The taxonomy laid out by Linnaeus is a useful way of categorizing animals for determining relatedness. The generally accepted definition of the word,
species is "a group of organisms that can reproduce offspring that are fertile". Meaning, all breeds of dog are a single species as they produce fertile dogs, but mules are not as they are the product of crossing a horse with a donkey.
Beyond that, there are broader groups of organisms in the genus, family, class, order, phylum, and kingdom categories. The lines between the categories is fairly well determined in
extant species. It gets much blurrier in
extinct species.
By using the term "kind", you are introducing new wording into the discussion. You MUST accurately define your term before anyone else can or will accept it. Kind, in this context, is not a term used by biologists, scientists, evolutionists, geneticists, or most other -ists you can come up with. This is a term from a specific book that is used by creationists to justify forcing their square peg worldview into the round hole of science. By vaguely defining your term, you are allowing yourself the freedom to define it however it best suits your argument, rather than using the proper evidence to support your points.
universalchiro wrote:DY, you are tready on thin ice by saying certain anomalies are less human. They are human all the same. Boy its such a fine edge evolutionist walk to not be racist by thinking some humans are less human.
I'm going to go ahead and ignore the last sentence because you are clearly taking DY's point completely out of context.
We can all agree that the various races of humanity are the same species. People of African descent, people of North American descent, and people of European descent are all part of the human species [
Homo sapiens sapiens].
Where do the
extinct hominin species fall on your spectrum,
universalchiro? Species such as
Homo neanderthalensis,
Homo denosiva, and
Homo heidelbergensis almost certainly were around at the same time as
H. sapiens. There is a good deal of
evidence that
H. sapiens was mating with at least
H. neanderthalensis, and likely with the other two as well. So do those other species count as "human"?

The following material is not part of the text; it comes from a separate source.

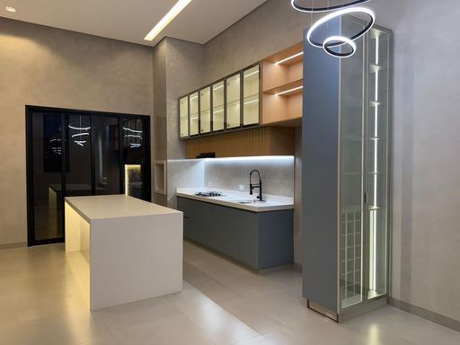 ✅ Cozinha Gourmet - Ilha e Bancada Quartzo Branco, Cooktop, Depurador e Cuba Gourmet
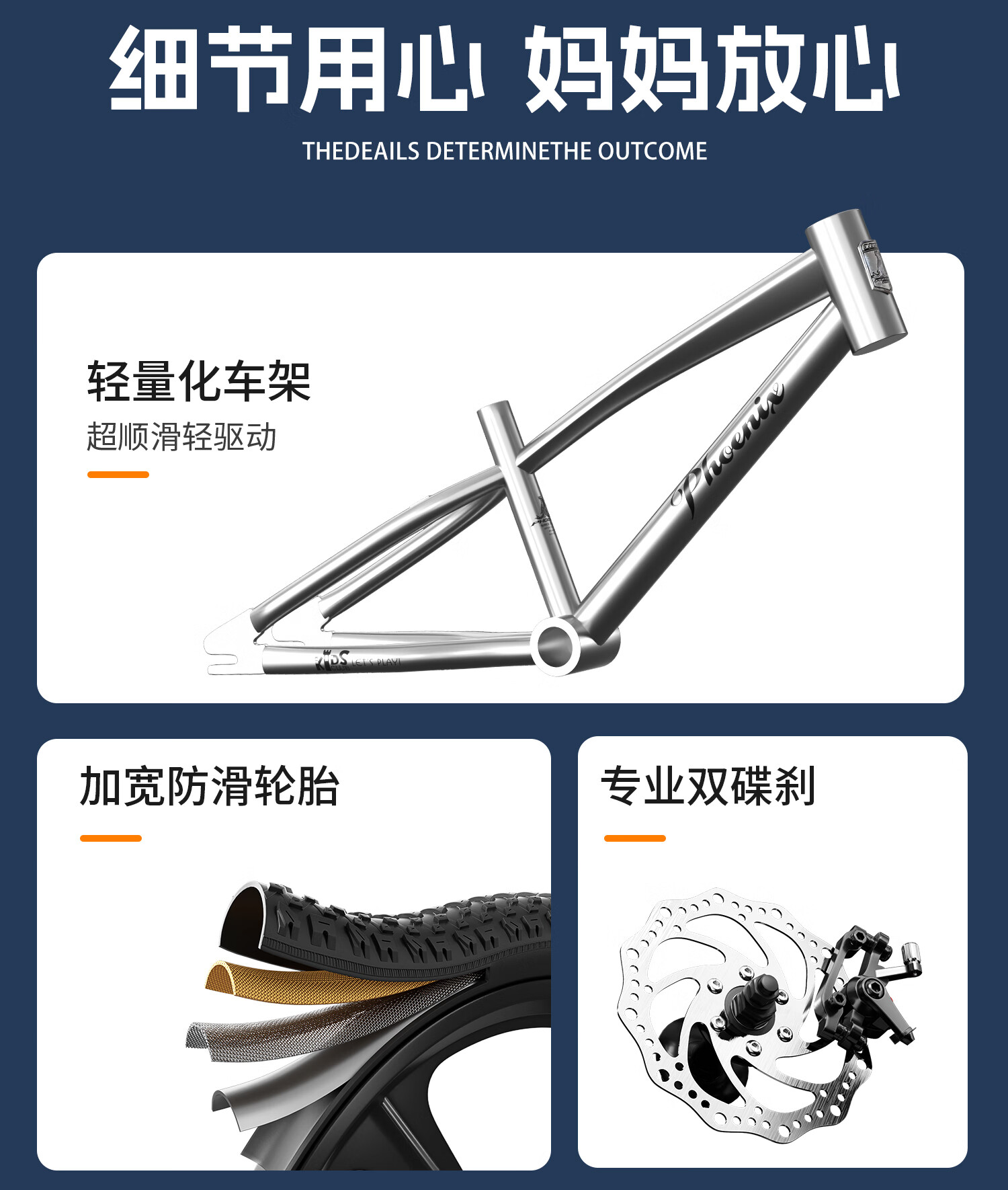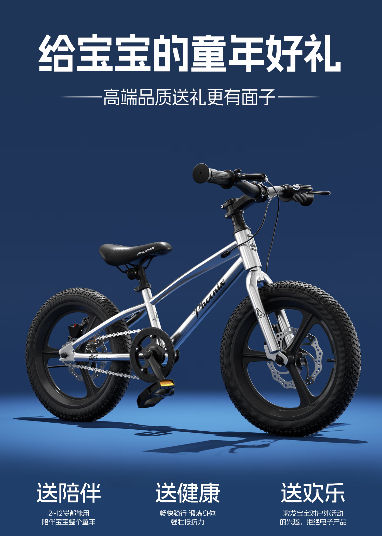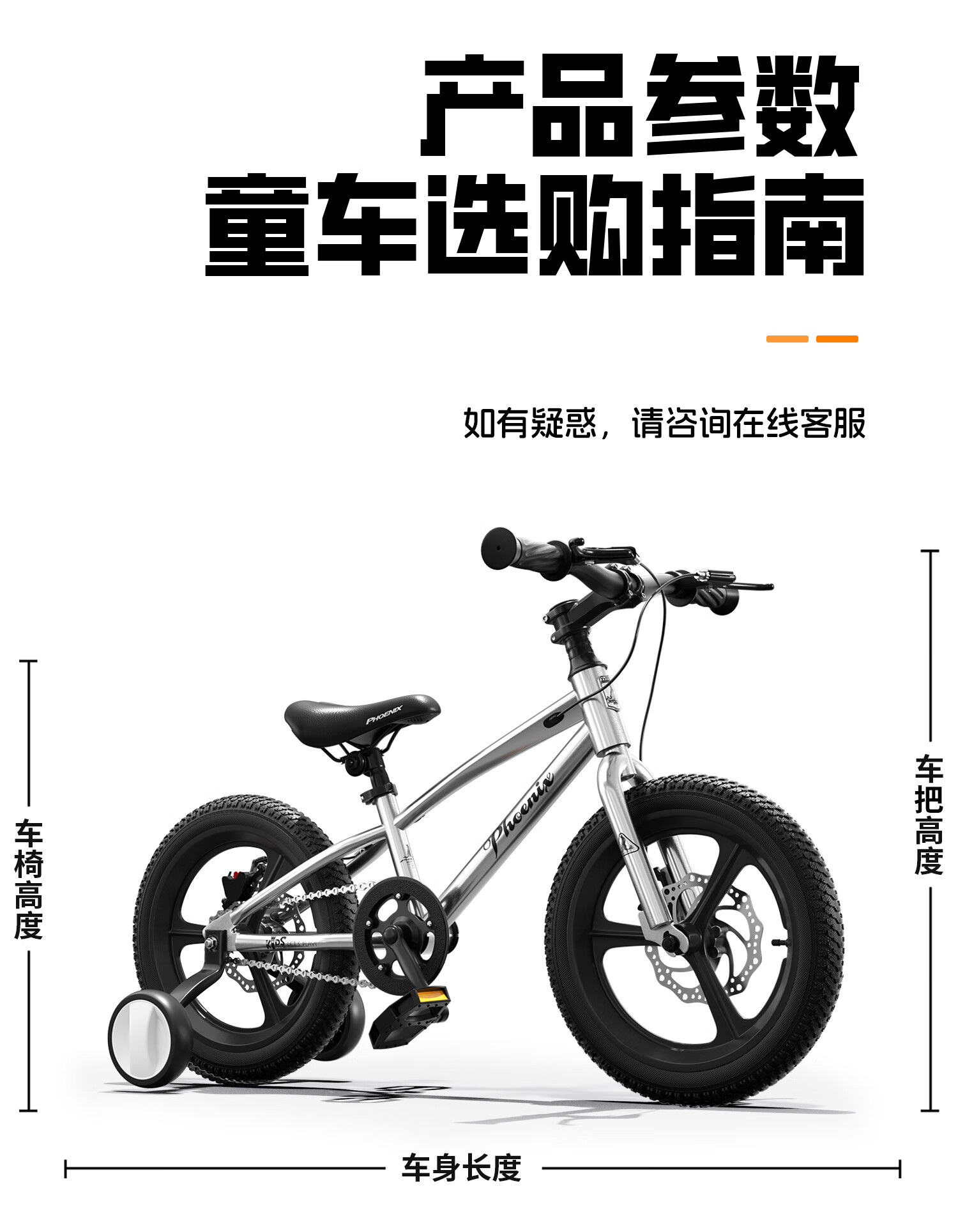 凤凰儿童自行车男女小孩山地车3-5-6-8-10-12-16岁学生碟刹脚踏车礼物 *推荐【高配-辐条轮】钛金银+大礼包 16寸【带辅助轮+脚撑】

Let's go ahead and take it a step further. The time period that
H. sapiens have been around overlaps with the time period that
H. erectus was around (there were other hominim species around at that time as well, but for the sake of simplicity I'm ignoring them for now). Is one of these human, and one of them not?


Go one step further. Here's an image of a whole pile of various archaic ape, archaic human, hominid, hominum, hominoid, etc skulls. Tell me which ones are "human" and which ones are not.

Tell me where you draw the line between one species and another. Tell me where one "kind" ends and another "kind" begins. Or are they all part of the "human kind"?